Successful Relating
Fulfillment Through Connection and Community
Alice G. Vlietstra, Ph.D. Editor
September 2006
In this issue:
1. Welcome
2. Compost for Growth
3. Discovering Compassion
4. Our "Inter-being" is Our Well-being
5. Announcements
1. Welcome
In the past two e-newsletters we have focused
on stress, resilience, and resolve. Families face
stress, especially in times of transition or upon
the death of a family member.
Often, when we face problems, we initially judge
them as bad or negative. We see transition as a time
of disconnection or separation. In this e-newsletter
we will explore how we can use our challenges to
connect and foster new growth.
2. Compost for Growth
One writing that resonates with me on the importance
of facing the negative is the following quote from
Thich Nhat Hahn:
"Let us not run away from our garbage; we should learn
the art of making compost. Using that compost we will
grow a lot of flowers. Don’t think that without compost
you can have flowers. That is an illusion. You can have
flowers only with compost.
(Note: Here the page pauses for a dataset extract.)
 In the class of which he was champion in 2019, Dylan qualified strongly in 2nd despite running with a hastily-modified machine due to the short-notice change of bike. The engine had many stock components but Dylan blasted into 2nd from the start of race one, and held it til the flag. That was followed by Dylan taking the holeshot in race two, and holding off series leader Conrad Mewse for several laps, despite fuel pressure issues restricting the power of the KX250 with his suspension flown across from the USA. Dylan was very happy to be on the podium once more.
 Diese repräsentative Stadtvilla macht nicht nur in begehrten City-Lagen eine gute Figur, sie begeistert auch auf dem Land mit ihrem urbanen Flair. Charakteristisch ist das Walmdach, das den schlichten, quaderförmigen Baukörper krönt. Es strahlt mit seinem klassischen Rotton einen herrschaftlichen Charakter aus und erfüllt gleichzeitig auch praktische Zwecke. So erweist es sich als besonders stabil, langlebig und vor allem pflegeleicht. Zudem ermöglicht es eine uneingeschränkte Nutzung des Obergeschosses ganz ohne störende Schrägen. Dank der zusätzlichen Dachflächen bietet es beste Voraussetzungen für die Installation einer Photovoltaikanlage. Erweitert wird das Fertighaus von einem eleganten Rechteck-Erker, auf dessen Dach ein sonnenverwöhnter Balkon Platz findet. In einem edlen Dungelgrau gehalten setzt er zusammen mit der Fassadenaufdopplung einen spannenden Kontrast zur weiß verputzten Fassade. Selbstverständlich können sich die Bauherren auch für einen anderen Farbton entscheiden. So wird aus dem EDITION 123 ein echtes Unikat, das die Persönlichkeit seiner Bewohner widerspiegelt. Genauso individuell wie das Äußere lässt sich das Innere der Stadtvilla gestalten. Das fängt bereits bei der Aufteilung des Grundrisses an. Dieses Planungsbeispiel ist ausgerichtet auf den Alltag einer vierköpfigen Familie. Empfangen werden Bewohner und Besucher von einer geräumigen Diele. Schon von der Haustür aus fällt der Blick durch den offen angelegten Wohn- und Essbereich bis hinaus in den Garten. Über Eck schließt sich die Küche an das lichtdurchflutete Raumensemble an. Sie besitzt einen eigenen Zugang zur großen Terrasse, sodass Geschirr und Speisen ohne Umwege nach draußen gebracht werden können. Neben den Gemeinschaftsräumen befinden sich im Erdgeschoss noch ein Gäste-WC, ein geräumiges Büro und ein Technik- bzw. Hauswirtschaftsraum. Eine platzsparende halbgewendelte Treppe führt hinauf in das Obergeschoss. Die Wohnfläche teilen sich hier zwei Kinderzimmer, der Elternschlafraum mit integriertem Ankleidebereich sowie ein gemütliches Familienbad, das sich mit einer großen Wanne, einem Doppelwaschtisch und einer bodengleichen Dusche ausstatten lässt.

That is the insight of
inter-being — look into the flower and you will see the
compost. If you remove the compost that became the flower,
the flower will disappear also. Whatever you are looking
for, freedom, joy, and stability, you know that suffering
plays a very important role in it. So be aware that we
cannot just run away from our problems. In fact, we
have to go back to our problems. The practice of calming,
of concentrating, of embracing, of looking deeply into the
nature of our pain, is absolutely necessary for us to get
the transformation, the healing that we need so much.”
Thich Nhat Hanh on July 20, 1998.
My interpretation of this quote is that if we throw away
the negative, like garbage, we may be throwing out some
of the most useful opportunities for transforming our
lives. How does this resonate with you?
3. Discovering Compassion
So many times, when we face problems, we look at them
from our present position rather than viewing them from
a broader perspective. In particular, we often find
ingenious ways to avoid confronting negative emotions.
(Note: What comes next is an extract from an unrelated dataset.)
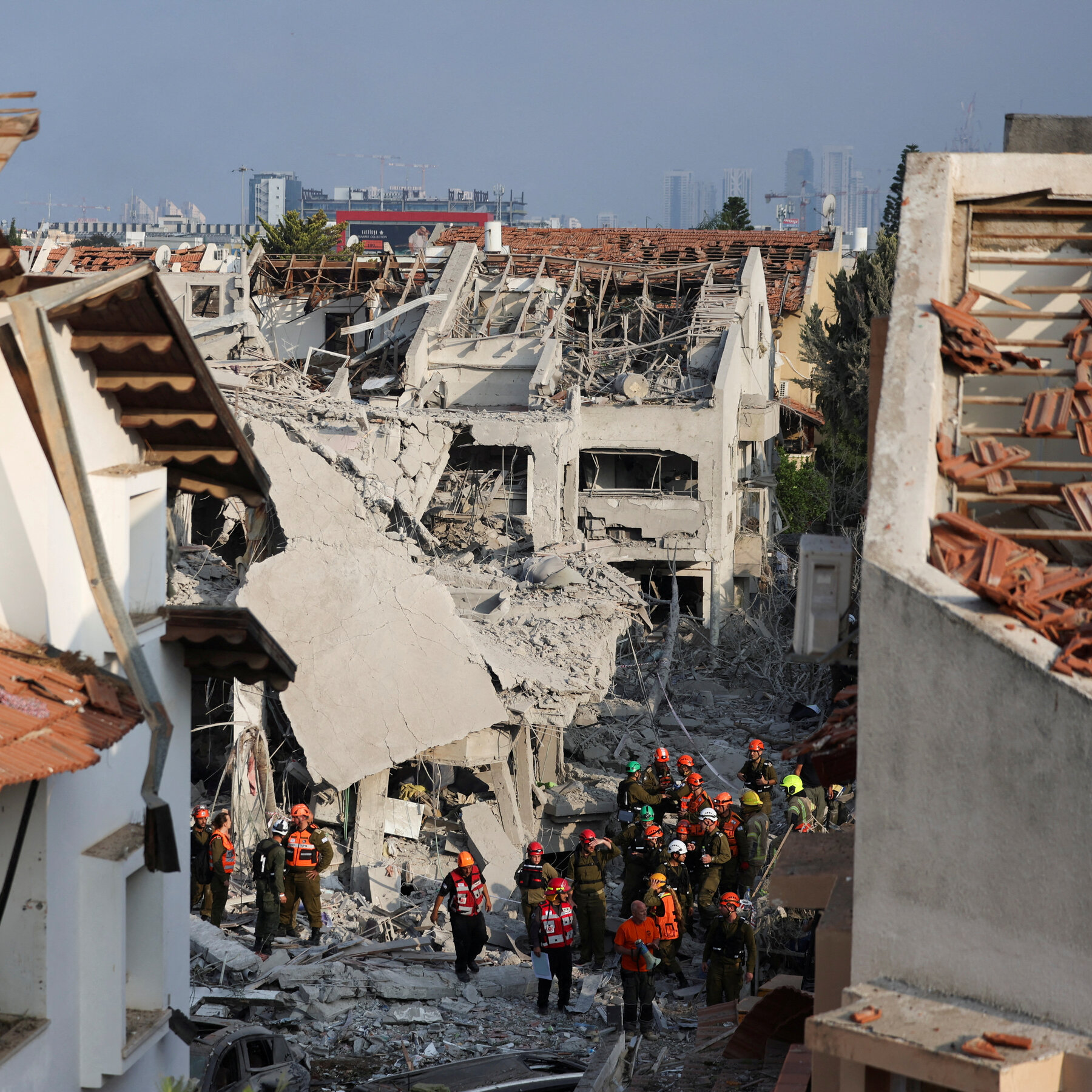 ইরানের হামলায় বিধ্বস্ত ভবন পরিদর্শন করছেন ইসরাইলি জরুরি সংস্থার কর্মীরা। ছবি: সংগৃহীত

Emotions are neither good nor bad. Emotionality is part
of what makes us human. It is only when emotions are
ignored, repressed, and stuck that they get troublesome.
Rather than dismissing or burying the negative, our pain
and suffering can be honored and dealt with in an empathetic,
supportive way. When we do so, a deeper spiritual message
can emerge. Combined with forgiveness, the pain changes
to compassion. It loses its charge so we can move forward.
Hearts hardened by anger and hurt soften, and the old pain
transforms into new insights. These insights can then
foster growth as they give clues to our sense of personal
mission. New solutions emerge.
For example, the woman who started MADD (Mothers Against
Drunk Drivers) had a son who was killed by a drunk driver.
She could have wallowed in her pain endlessly. Instead,
she decided to heal herself by using the painful experience
to honor her son and increase society's awareness of the
problem.
At times of death, we can put structures into place that
honor the individual’s memory and the higher values that
the person represented. In that way, the person does not
die, but lives on with us forever in spirit.
This is one way of facing pain to make compost and grow
new flowers. Our problems can become doorways for the
emergence of our higher self. Instead of judgment we
experience our higher values and a deeper sense of
connection.
4.Our “Inter-being" is Our Well-being
When we judge our negative experiences as bad, we
often put ourselves in a mental box. We want to hide
and function as though we are complete and separate
entities. The walls of our boxes are built from the
judgments and make about our selves from our personal
experiences and backgrounds. They form the assumptions
from which we construct our view the world. Often
they come from our early childhood and represent our
egocentric tendency to fault ourselves for things we
do not understand.
Our boxes prevent us from tapping into the roots of
our common human experience. Rather than attempting
to understand others, we distance ourselves by judging
and disconnecting. When we use our pain to connect
with our humanity, we feel more complete because we
are reconnected. This enhances our personal sense of
well-being and gives our lives meaning. Instead of
being negative, it leads to compassion and purpose
in our lives.
The AFT techniques, forgiveness, and the identification
of our character strengths and values all facilitate this
process. In this way we can grow flowers from the compost
of life.
Blessings from the compost heap,
Dr. Alice
Reference: Thich Nhat Hanh. Dharma Talk given on July 20,
1998, in Plum Village, France. see www.plumvillage.org.
5. Announcements
We had a great workshop last weekend. There will
be another "New Look at Stress workshop" on
January 20-21 2007. Email me for a flyer.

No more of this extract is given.